Una normale serata di controlli si è trasformata in un susseguirsi di atti sconsiderati e pericolosi a Santa Flavia, culminati con l’arresto di un diciassettenne bagherese, già noto alle forze dell’ordine. Il giovane è ora accusato di violenza e resistenza a pubblico ufficiale, dopo una fuga che ha messo a repentaglio l’incolumità di un militare e la sicurezza stradale.
Tutto ha avuto inizio in via Cristoforo Colombo. Una pattuglia dei Carabinieri della locale Stazione, coadiuvata da colleghi dell’Aliquota Radiomobile della Compagnia di Bagheria, ha notato il ragazzo sfrecciare su un motociclo senza casco. L’alt intimato dai militari, finalizzato a una semplice verifica amministrativa dei documenti, è stato completamente ignorato. Anzi, nel tentativo di sottrarsi al controllo, il diciassettenne non ha esitato a investire uno dei carabinieri, per poi dileguarsi a tutta velocità per le vie circostanti.

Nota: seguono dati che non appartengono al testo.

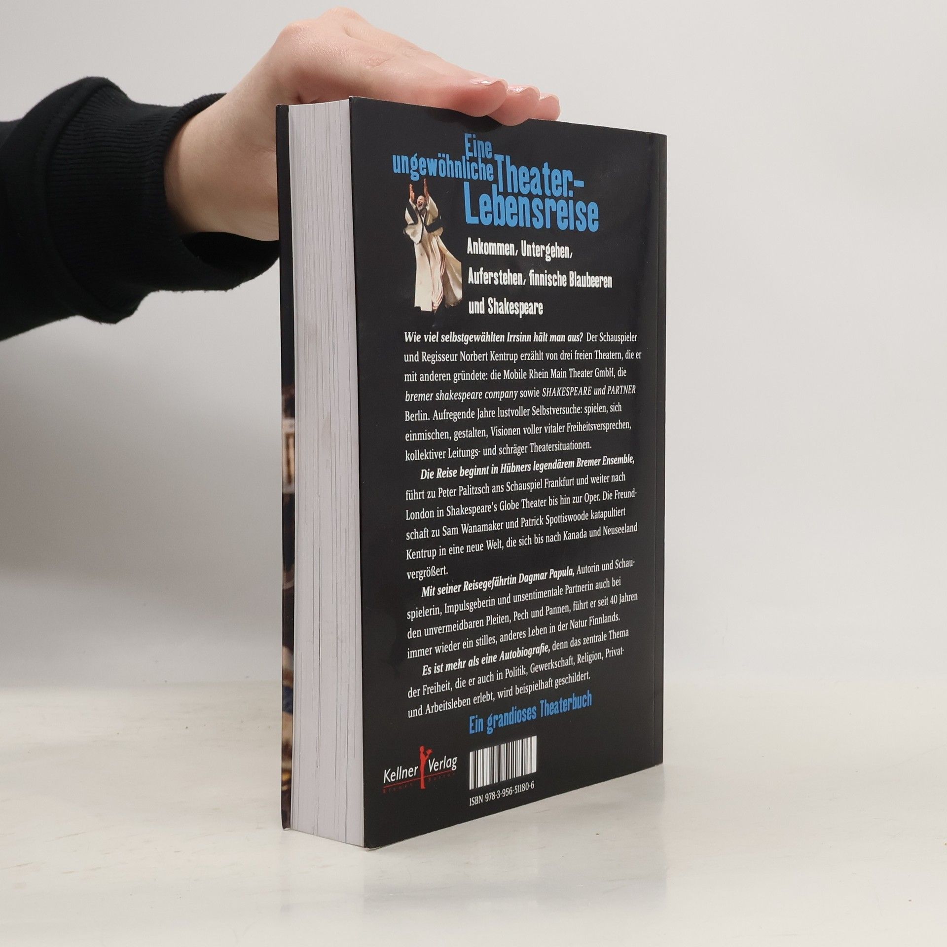Eine ungewöhnliche Theater-Lebensreise Ankommen, Untergehen, Auferstehen, finnische Blaubeeren und Shakespeare Wie viel selbst gewählten Irrsinn hält man aus? Der Schauspieler und Regisseur Norbert Kentrup erzählt von drei freien Theatern, die er mit anderen erwünschte, erlitt und erlebte: die Mobile Rhein Main Theater GmbH, die bremer shakespeare company sowie SHAKESPEARE und PARTNER Berlin. Aufregende Jahre lustvoller Selbstversuche: spielen, sich einmischen, gestalten, Visionen voller vitaler Freiheitsversprechen, kollektiver Leitungs- und schräger Theatersituationen. Die Reise beginnt in Hübners legendärem Bremer Ensemble, führt zu Peter Palitzsch ans Schauspiel Frankfurt und weiter nach London in Shakespeare’s Globe Theater bis hin zur Oper. Die Freundschaft zu Sam Wanamaker und Patrick Spottiswoode katapultiert Kentrup in eine neue Welt, die sich bis nach Kanada und Neuseeland vergrößert. Mit seiner Reisegefährtin Dagmar Papula, Autorin und Schauspielerin, Impulsgeberin und unsentimentale Partnerin, auch bei den unvermeidbaren Pleiten, Pech und Pannen führt er seit 40 Jahren immer wieder ein stilles, anderes Leben in der Natur Finnlands. Es ist mehr als eine Autobiografie, denn das zentrale Thema der Freiheit, die er in Politik, Gewerkschaft, Kirche, Privat- und Arbeitsleben ausprobiert, wird beispielhaft und persönlich geschildert. Ungeschminkte Einblicke in und hinter verschiedenste Kulissen. Ein grandioses Theaterbuch

L’allarme è scattato immediatamente. Le pattuglie sul territorio sono state allertate e, poco dopo, i Carabinieri del Radiomobile hanno intercettato il fuggitivo in via Vittorio Emanuele Orlando. La situazione, se possibile, si è fatta ancora più critica: il giovane stava percorrendo l’arteria contromano, incurante del pericolo. Neppure la vista della vettura di servizio lo ha indotto a rallentare, fino al violento impatto frontale con l’auto dei militari.
Nonostante lo scontro, la determinazione del ragazzo a sfuggire alla cattura non si è placata. Abbandonato il motociclo incidentato, ha tentato un’ultima, disperata fuga a piedi. Una corsa breve, conclusasi quando i carabinieri lo hanno raggiunto e definitivamente bloccato.
Le verifiche successive hanno fatto emergere un quadro di totale illegalità: il motociclo era privo di targa e di copertura assicurativa. Il diciassettenne, inoltre, non aveva mai conseguito la patente di guida. Il mezzo è stato quindi posto sotto sequestro.
Su disposizione della Procura della Repubblica presso il Tribunale per i Minorenni di Palermo, il giovane è stato inizialmente condotto presso l’Istituto Penale per i minorenni “Malaspina”. Successivamente, l’arresto è stato convalidato dal Giudice per le Indagini Preliminari, che ha disposto per lui il collocamento in una comunità.
È fondamentale sottolineare, come da prassi, che il giovane attualmente è da considerarsi solamente indagato, sebbene gli indizi a suo carico siano significativi. La sua posizione sarà attentamente vagliata dall’Autorità Giudiziaria durante l’intero corso del processo. Ogni responsabilità potrà essere definita unicamente a seguito di un’eventuale sentenza di condanna divenuta definitiva, nel pieno rispetto del principio costituzionale della presunzione di innocenza fino a prova contraria.